The chi-square goodness-of-fit test checks whether observed data matches a distribution you'd expect. For example, if you roll a die 60 times, you'd expect each face to come up about 10 times. This test tells you whether the differences between what you observed and what you expected are large enough to be statistically meaningful.

Calculating the Chi-Square Statistic

The core idea: compare what you observed in your data to what you expected under some hypothesis, then measure how far off things are.

Step 1: Find expected frequencies. Multiply each category's hypothesized proportion by the total sample size.

$\text{Expected frequency} = \text{Hypothesized proportion} \times \text{Total sample size}$

For a fair six-sided die rolled 60 times, each face has a hypothesized proportion of 1/6, so the expected frequency for each face is $\frac{1}{6} \times 60 = 10$ .

Step 2: Compute the chi-square statistic. For each category:

Subtract the expected frequency from the observed frequency
Square that difference
Divide by the expected frequency

Then sum across all categories:

$\chi^2 = \sum \frac{(O - E)^2}{E}$

The squaring matters because it prevents positive and negative differences from canceling each other out, and it gives extra weight to large deviations.

Step 3: Determine degrees of freedom.

$df = k - 1$

where $k$ is the number of categories. For a six-sided die, $df = 6 - 1 = 5$ . You lose one degree of freedom because the expected frequencies must add up to the total sample size, so the last category isn't free to vary.

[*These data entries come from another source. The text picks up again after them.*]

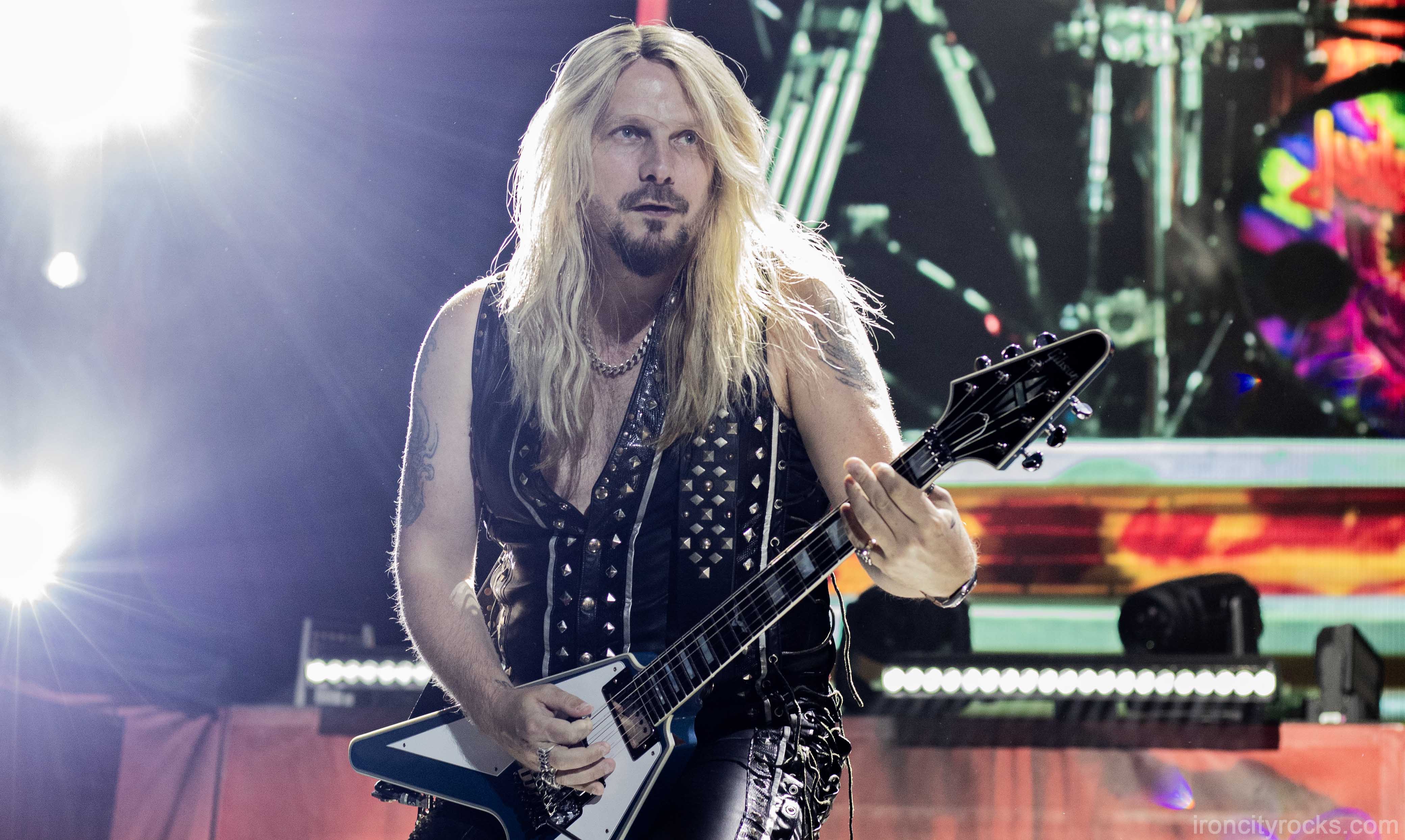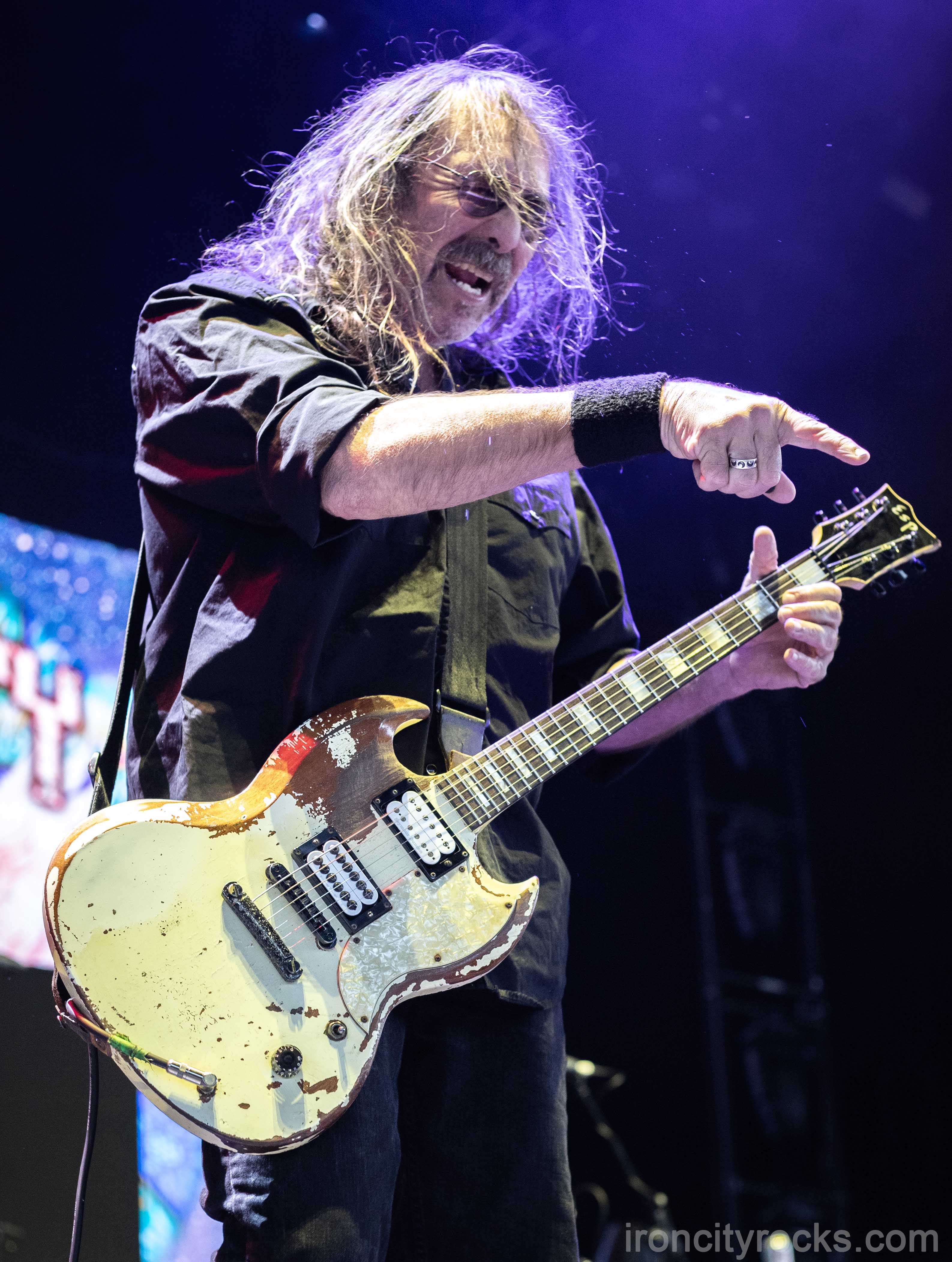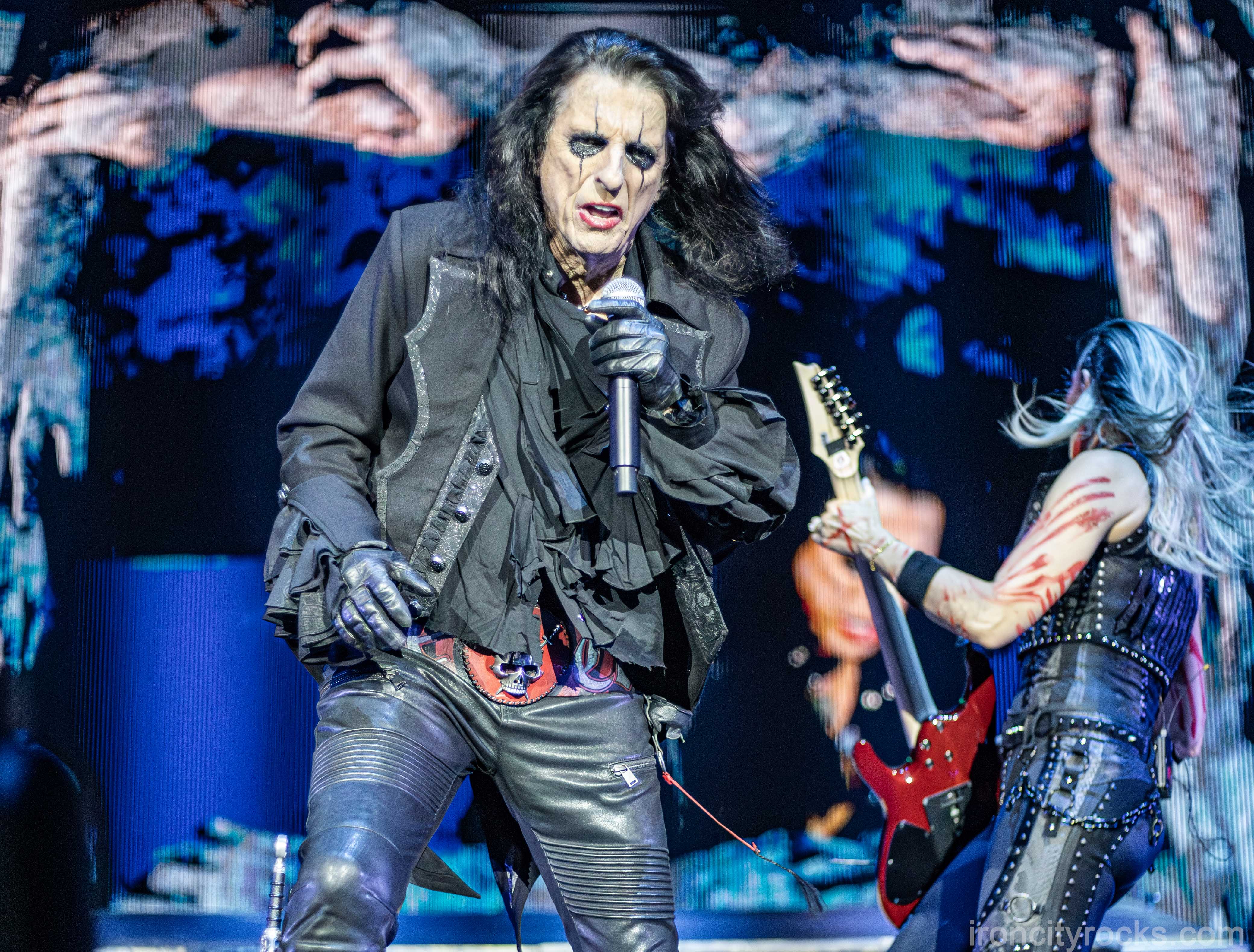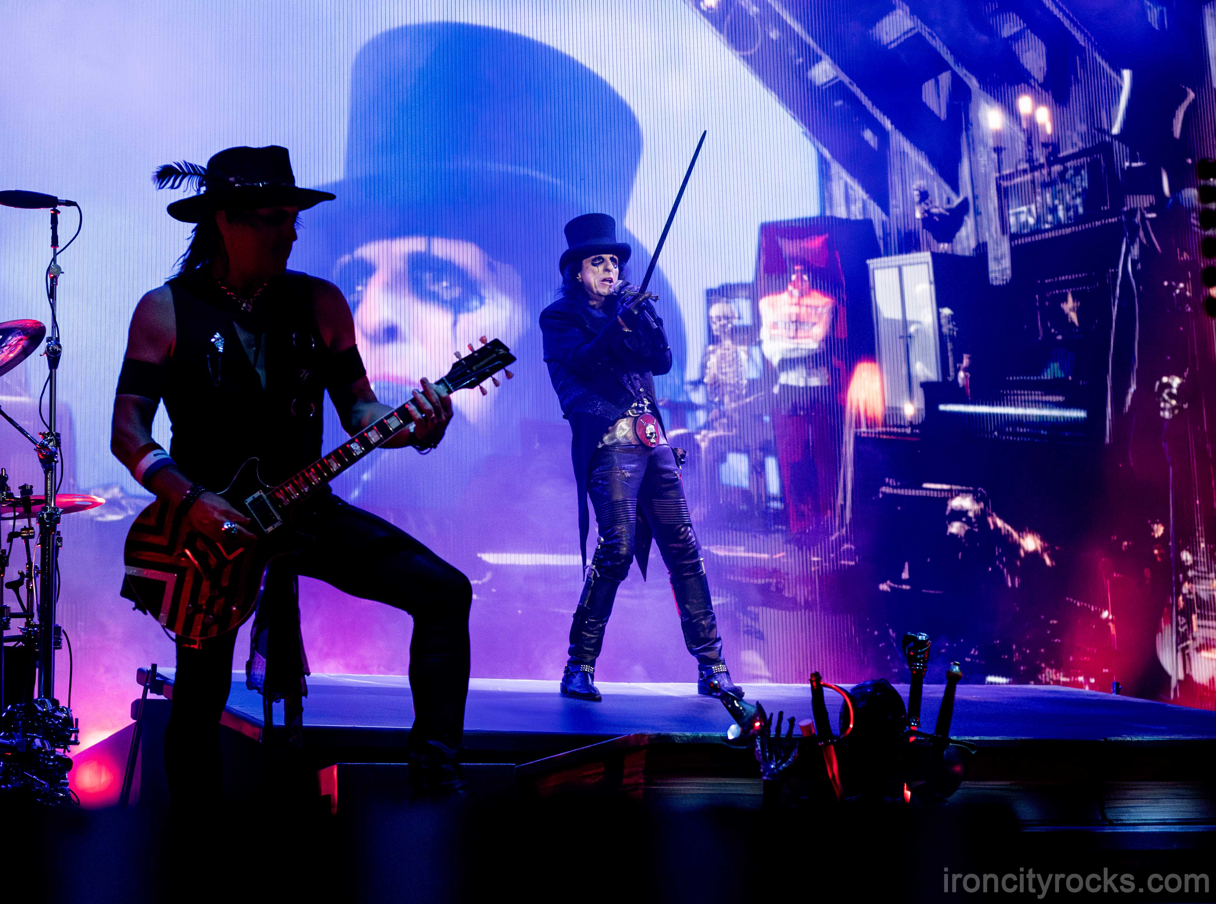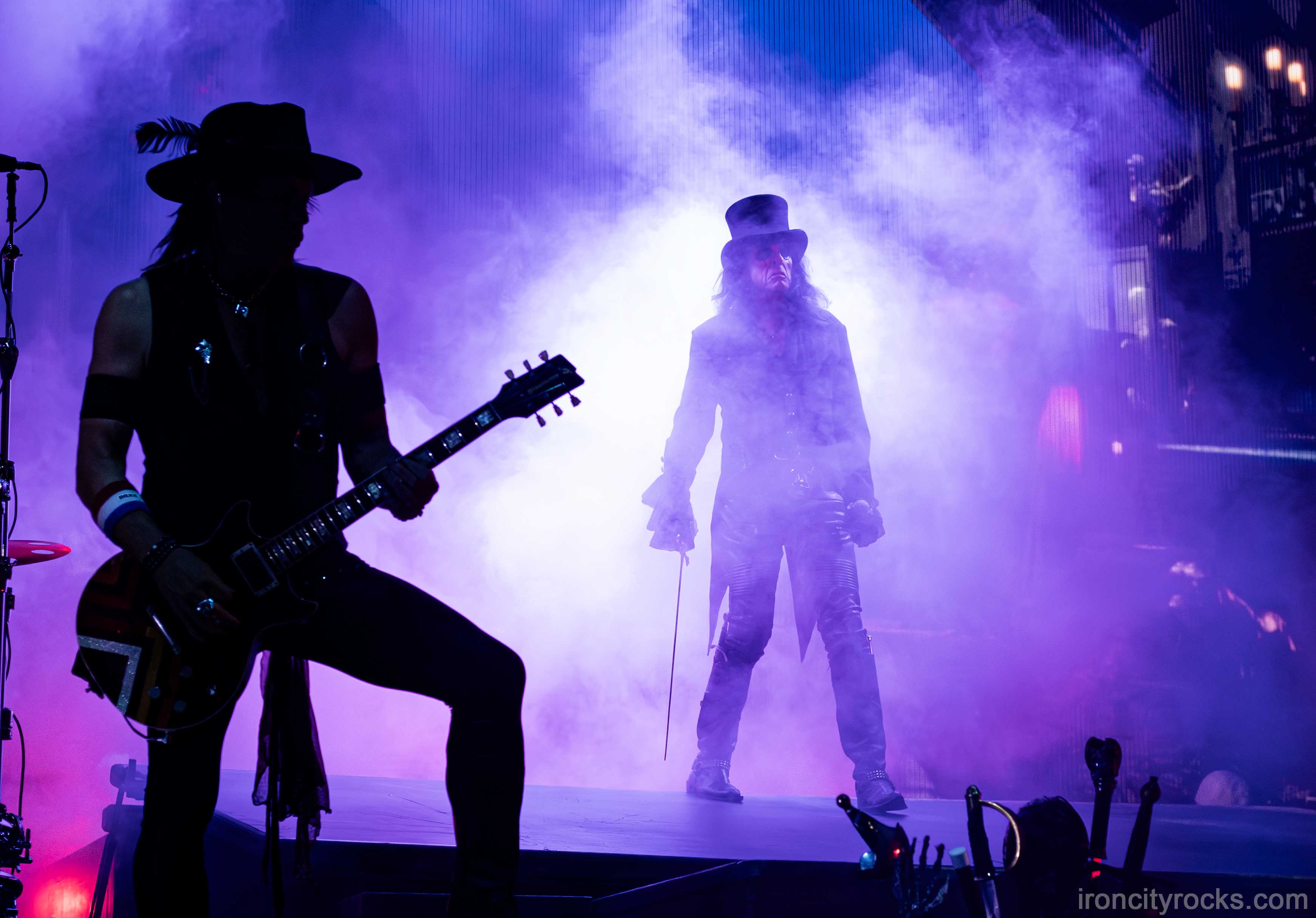 The mighty Judas Priest took the stage when the sun went down in support of their new album “Invincible Shield” and in celebration of 30 years of the “Painkiller” album on the Shield of Pain tour. The show opened in full throttle with “All Guns Blazing” as Rob Halford took center stage to belt out the opening vocals before the whole band kicked in with power and might. Without letting up Priest kicked into the hard hitting “Hell Patrol” followed by 1982s “You’ve Got Another Thing Comin’” (one of my top Priest songs). As I stood in the pit taking pictures I just couldn’t help myself but to be completely absorbed by Judas Priest style heavy metal and all the power it brings – it was a surreal moment for me as a photographer to be so close to such a legend in Rob Halford, a true metal god and one of the last few that remain in this world. As I returned to my seat to the epic sounds and speed of “Freewheel Burning” it was time to go break that law and get the crowd going with “Breaking the Law” straight off of 1980s “British Steel”. Returning to the Painkiller album on the next two tracks “Touch of Evil” and “Nightcrawler” saw that band in absolute kill mode with dueling guitars, solos of monstrous proportion and the mind blowing timeless vocals of Rob Halford. Up next was a deep cut that Priest dusted off for this tour, “Solar Angels” from 1981s “Point of Return” with the classic hard rock vibes and strong guitar chords. Priest opened the “Gates of Hell” from their new record, a song that would fit perfectly in the 80s priest tracklist followed by the dimming of the lights and the intro tape of “The Hellion” to a roaring crowd eager for seeing the show through our “Electric Eye”. Rob pulled a chair up stage left to talk to the crowd about how every year we lose more rock and metal royalty, including the metal god Ozzy Osbourne who we lost a short time ago. In honor of those that we lost what better song to play than “Giant’s in the Sky”. Scott Travis (drummer) kicked off the next song with the title track “Painkiller” with the amazing, insane and unworldly screams of Rob Halford who at 74 years old is just out of his mind and on another level as a vocalist. The encore saw Rob revving up his harley and strolling out the thrashing of “Hell Bend for Leather” followed by the commercial hit “Living After Midnight”. Judas Priest came to melt the faces off of those in attendance and set the stage perfectly for Alice Cooper.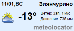 Представляем прогноз погоды в Зиянчурино на 3 дня (сегодня, завтра и послезавтра). Подробнее...Щелкните на соответствующем дне, чтобы получить подробный прогноз по нему. Для просмотра расширенных данных щелкните по заголовку соответствующего блока из группы блоков, расплолженных ниже основного прогноза. Для получения данных на другие дни используйте стрелки слева и справа от таблицы или навигационное меню в левой колонке страницы. Свернуть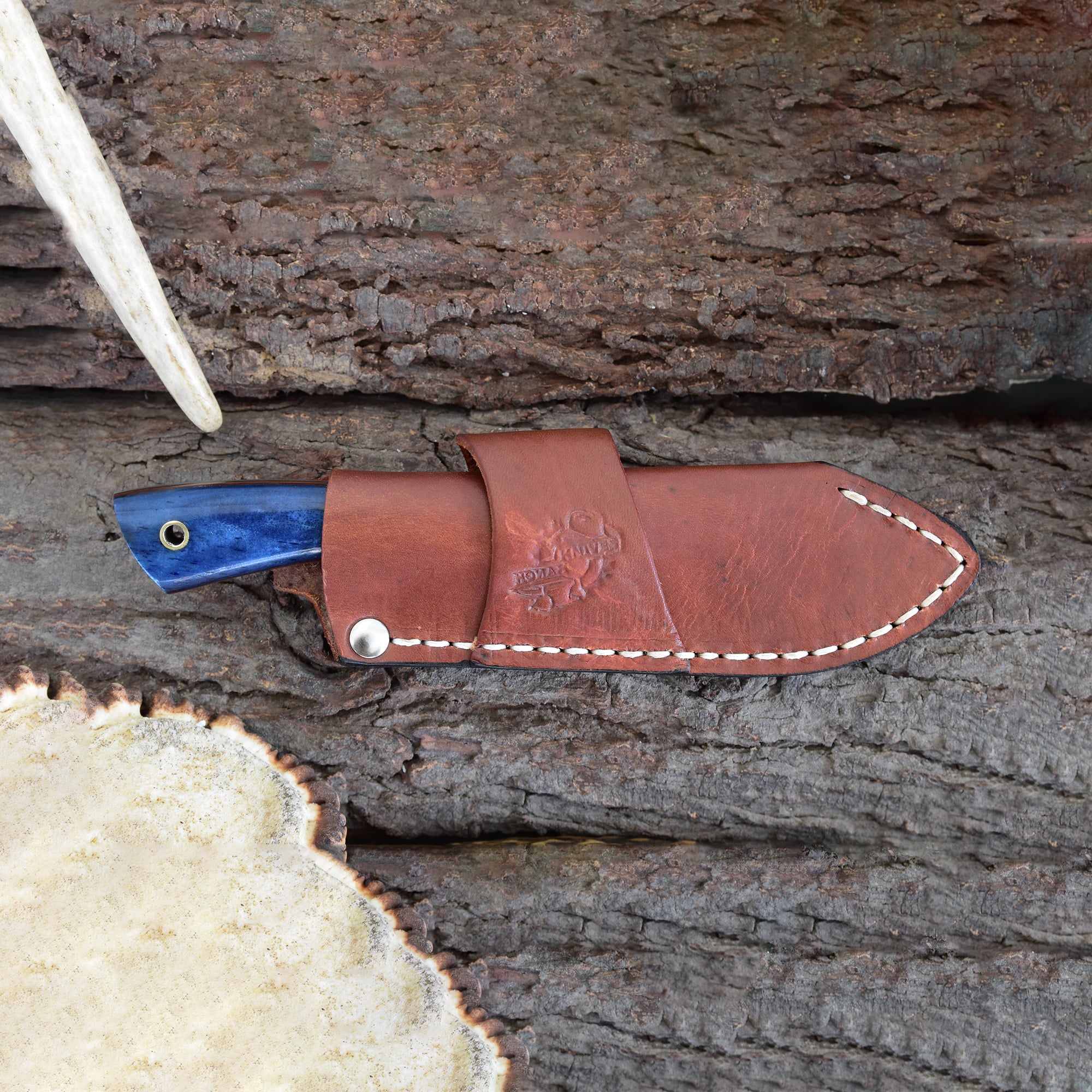 Elevate your hunting precision with the Knives Ranch Damascus Skinning Knife, featuring a 3-1/8" blade and 2-9/16" cutting edge crafted from exclusive Knives Ranch Damascus Steel (5160/4340). This knife offers exceptional sharpness and durability for detailed skinning tasks. The unique blue colored cattle bone handle with fiber liner provides a secure, comfortable grip and a one-of-a-kind look, as color saturation varies with each piece. The Vegetable Tanned Leather horizontal cowboy sheath with an extra vertical belt loop ensures versatile and convenient carry options.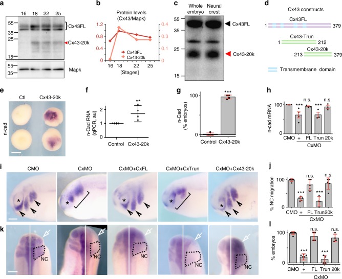 Fig. 4. Cx43 20âkDa isoform promotes N-cadherin expression. a WB showing Cx43 temporal expression. b Cx43 expression levels normalized to MAPK. Levels for Cx43 full length (Cx43FL) and Cx43-20k are plotted (nâ=â82 embryos, Nâ=â3). c Western blot against Cx43 using extracts from whole embryos (st21) and dissected neural crest (st21) (nwhole embryoâ=â20; nneural crestâ=â50 neural crests, Nâ=â3). d Diagram of Cx43 constructs used. e Blastula embryos analyzed by ISH for n-cad after the indicated treatments. Scale barâ=â70âμm. f qPCR for n-cad from blastula control embryos versus embryos expressing Cx53Tail (nControl: 89, nCx43-20k: 95 embryos, Nâ=â4) and g % of blastula embryos expressing N-cadherin mRNA analyzed by ISH (nControlâ=â62, nCx43-20kâ=â85 embryos, Nâ=â4). h qPCR for n-cad of st24 embryos (nfrom-left-to-rigthâ=â120, 118, 92, 86, 78, 92 embryos, Nâ=â4). i St24 embryos showing neural crest migration by ISH of twist; arrowheads: normal migration, brackets: impaired migration, asterisk: eye. j % of embryos with normal neural crest migration as analyzed by twist ISH of st24 embryos (nCMOâ=â115 and Nâ=â6, nCxMOâ=â116 and Nâ=â6, nCxMO+FLâ=â124 and Nâ=â5, nCxMO+Trunâ=â145 and Nâ=â4, nCxMO+Cx43-20kâ=â156 and Nâ=â5). k Dorsal view of St24 embryos analyzed for ISH of n-cad; arrows indicate injected side and black dotted area the neural crest. l % n-cad expressing embryos st24 (nCMOâ=â42 and Nâ=â6, nCxMOâ=â42 and Nâ=â6, nCxMO+FLâ=â13 and Nâ=â4, nCxMO+Trunâ=â15 and Nâ=â4, nCxMO+cx43-20kâ=â19 and Nâ=â4). Scale bars in i and kâ=â60âμm. Histograms in g, h, j, and l represent meanâ±âSE (one-way ANOVA pâ<â0.001; two-tailed t test p**â<â0.01, p*â<â0.05) n.s. nonsignificant. Dots in f show the spread of data and lines represent medianâ±âinterquartile (Mann Whitney test p**â<â0.01). N number of independent experiments; n sample size. Spread of data in bar charts is shown as overlying dots |

Calculation of chi-square statistics, Chi square calculator - wikidoc

Interpreting P-Values

The p-value is the probability of getting a chi-square statistic as large as (or larger than) the one you calculated, assuming the null hypothesis is true.

Null hypothesis ( $H_0$ ): The observed data follows the hypothesized distribution.
Alternative hypothesis ( $H_a$ ): The observed data does not follow the hypothesized distribution.

This is always a right-tailed test because larger $\chi^2$ values indicate bigger discrepancies between observed and expected.

How to interpret:

If p-value < significance level (typically 0.05): reject $H_0$ . There's sufficient evidence that the data does not fit the hypothesized distribution.
If p-value ≥ significance level: fail to reject $H_0$ . There's insufficient evidence to conclude the data doesn't fit.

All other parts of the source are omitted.